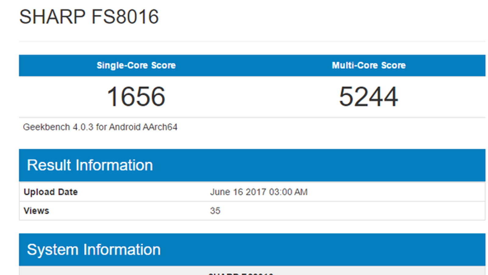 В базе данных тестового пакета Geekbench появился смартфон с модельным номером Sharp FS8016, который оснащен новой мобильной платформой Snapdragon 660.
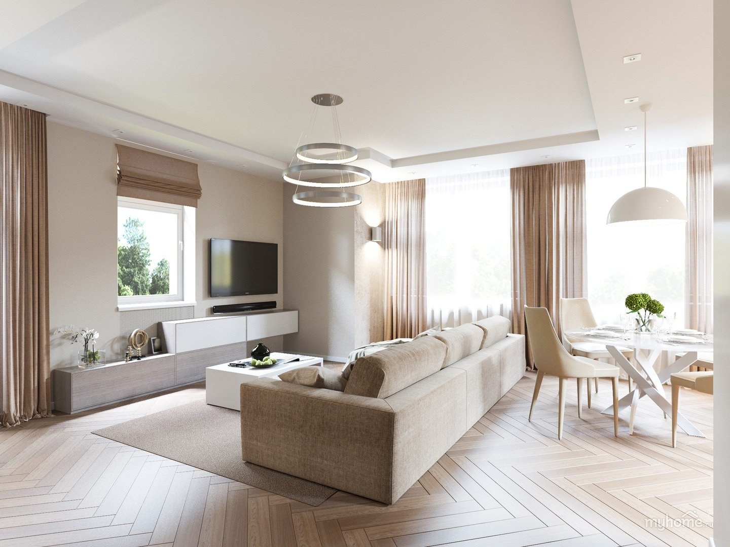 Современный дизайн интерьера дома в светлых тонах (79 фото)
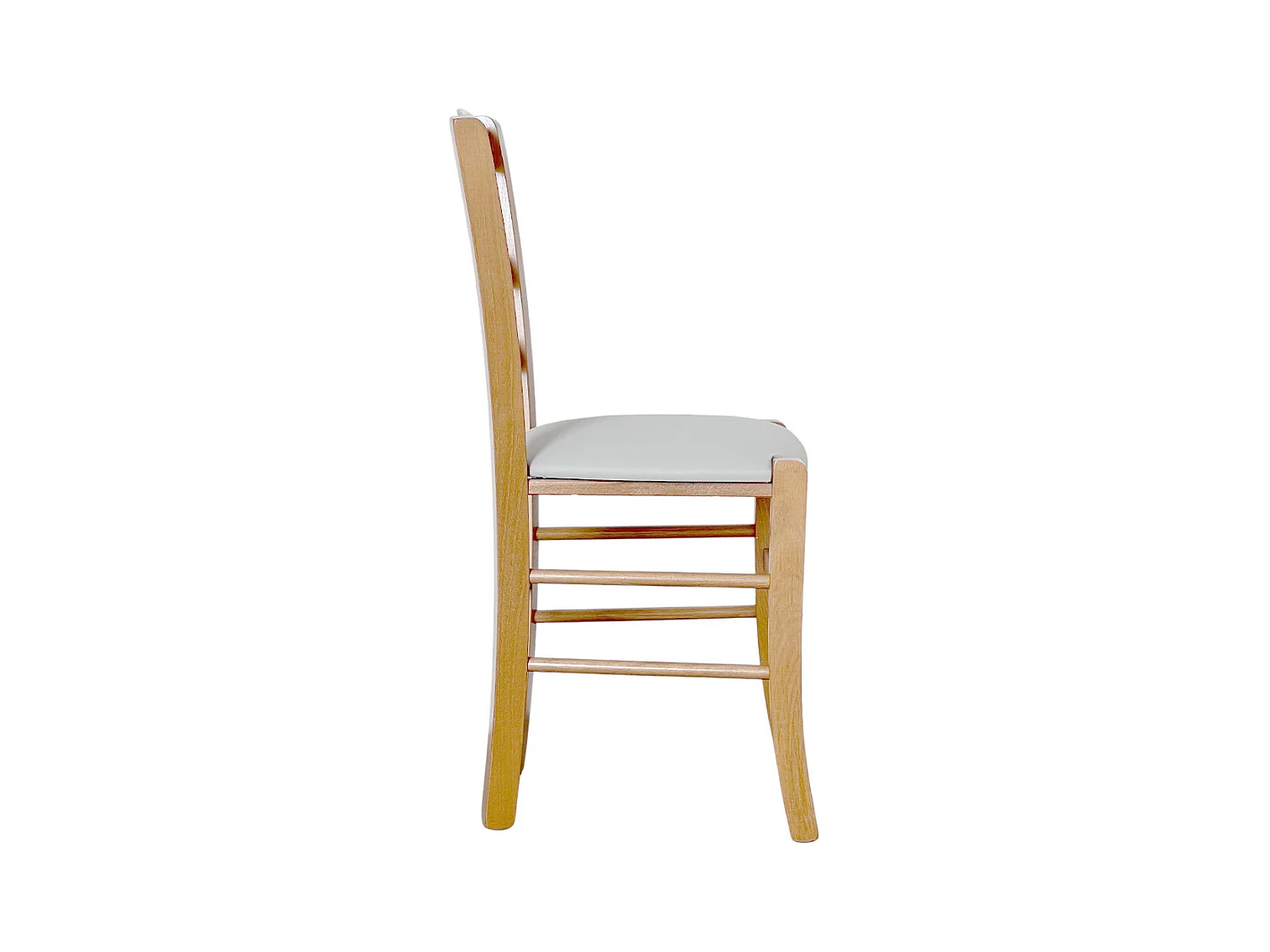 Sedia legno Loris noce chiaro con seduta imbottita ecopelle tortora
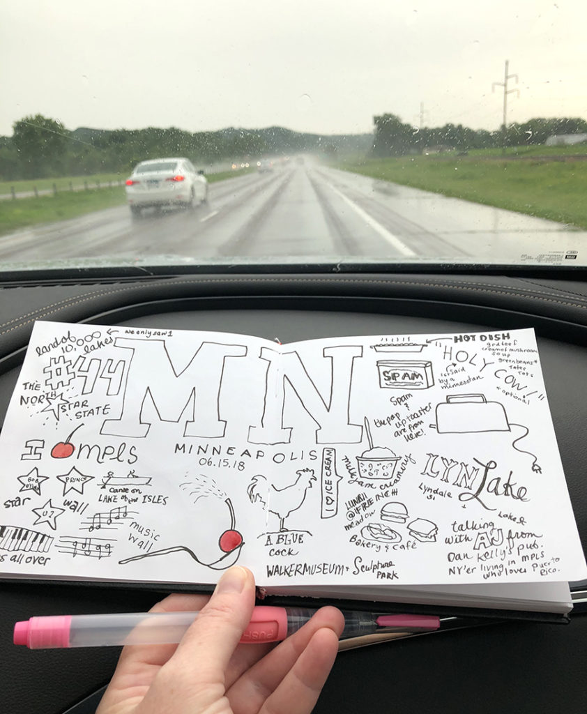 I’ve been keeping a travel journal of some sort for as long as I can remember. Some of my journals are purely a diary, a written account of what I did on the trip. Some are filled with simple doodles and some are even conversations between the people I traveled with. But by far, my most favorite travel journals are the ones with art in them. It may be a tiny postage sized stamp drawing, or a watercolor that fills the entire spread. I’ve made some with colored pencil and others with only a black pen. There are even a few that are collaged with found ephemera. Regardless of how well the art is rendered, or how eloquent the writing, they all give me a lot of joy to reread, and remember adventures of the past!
______________________________
**Exercise details:**
Copy out exactly the lines from the one with "Sedia legno Loris" through the end of the listing, both ends included, omitting any picture.

**Answer section:**
 Sedia legno Loris noce chiaro con seduta imbottita ecopelle tortora
 I’ve been keeping a travel journal of some sort for as long as I can remember. Some of my journals are purely a diary, a written account of what I did on the trip. Some are filled with simple doodles and some are even conversations between the people I traveled with. But by far, my most favorite travel journals are the ones with art in them. It may be a tiny postage sized stamp drawing, or a watercolor that fills the entire spread. I’ve made some with colored pencil and others with only a black pen. There are even a few that are collaged with found ephemera. Regardless of how well the art is rendered, or how eloquent the writing, they all give me a lot of joy to reread, and remember adventures of the past!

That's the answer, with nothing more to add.